- Directed by: Susumu Hani
- Screenplay by: Susumu Hani; Isamu Kurita;
- Story by: Isamu Kurita
- Starring: Yuri Suemasa
- Cinematography: Yuji Okumura
- Music by: Teizo Muramatsu
- Production company: Hani
- Distributed by: Shochiku
- Release date: 24 May 1969;
- Running time: 105 minutes
- Country: Japan
- Language: Japanese

= Aido: Slave of Love =

1969 film

Aido: Slave of Love (愛奴) is a 1969 Japanese film directed by Susumu Hani.

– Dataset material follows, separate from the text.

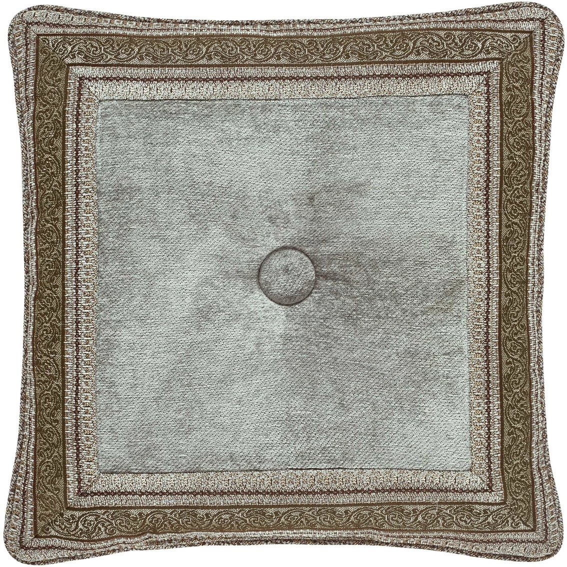 This Provence 16 x 16 in. Decorative Pillow from J. Queen New York is deeply tufted in the center of the stone chenille fabric, accented with a stone chenille fabric covered button and bordered by the woven scroll chenille stripe.
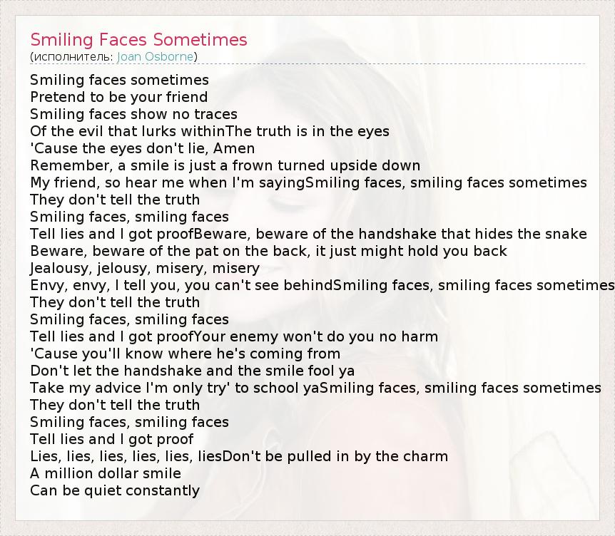 Smiling faces sometimes Pretend to be your friend Smiling faces show no traces Of the evil that lurks withinThe truth is in the eyes 'Cause the eyes don't lie, Amen Remember, a smile is just a frown turned upside down My friend, so hear me when I'm sayingSmiling faces, smiling faces sometimes They don't tell the truth Smiling faces, smiling faces Tell lies and I got proofBeware, beware of the handshake that hides the snake Beware, beware of the pat on the back, it just might hold you back Jealousy, jelousy, misery, misery Envy, envy, I tell you, you can't see behindSmiling faces, smiling faces sometimes They don't tell the truth Smiling faces, smiling faces Tell lies and I got proofYour enemy won't do you no harm 'Cause you'll know where he's coming from Don't let the handshake and the smile fool ya Take my advice I'm only try' to school yaSmiling faces, smiling faces sometimes They don't tell the truth Smiling faces, smiling faces Tell lies and I got proof Lies, lies, lies, lies, lies, liesDon't be pulled in by the charm A million dollar smile Can be quiet constantly

It was entered into the 19th Berlin International Film Festival.

== Plot ==
Aido is a beautiful woman cursed with an insatiable appetite for coitus. After an affair with a young student, she engages in several other affairs in which she can no longer tell fantasy from reality.

==Cast==
- Yuri Suemasa (末政百合) as Aido (愛奴)
- Kenzō Kawarazaki (河原崎建三) as Shūsei Saiki (斎木秀生)
- Kimiko Nukamura (額村喜美子) as Madame Enjōji (円城寺夫人)
- Rumiko Tanuma (田沼瑠美子) as Yōko (燿子)
- Kenzaburō Shirai (白井健三郎) as Professor
- Takamitsu Masuda (増田増田貴光) as Yamamoto (山本)
- Jusaburō Tsujimura (辻村寿三郎) as Detective Iwashita (岩下)
- Kiyoko Ōta (太田喜代子) as Harumi (波留美)
- Akira Matsumoto (松本章) as Man
- Kyōji Kokonoe (九重京司) as Mr. Sano (佐野)

==Release==
Aido: Slave of Love was released in Japan on 24 May 1969 and was distributed by Shochiku.

== Legacy ==
The film is one of Hani's internationally most renowned features.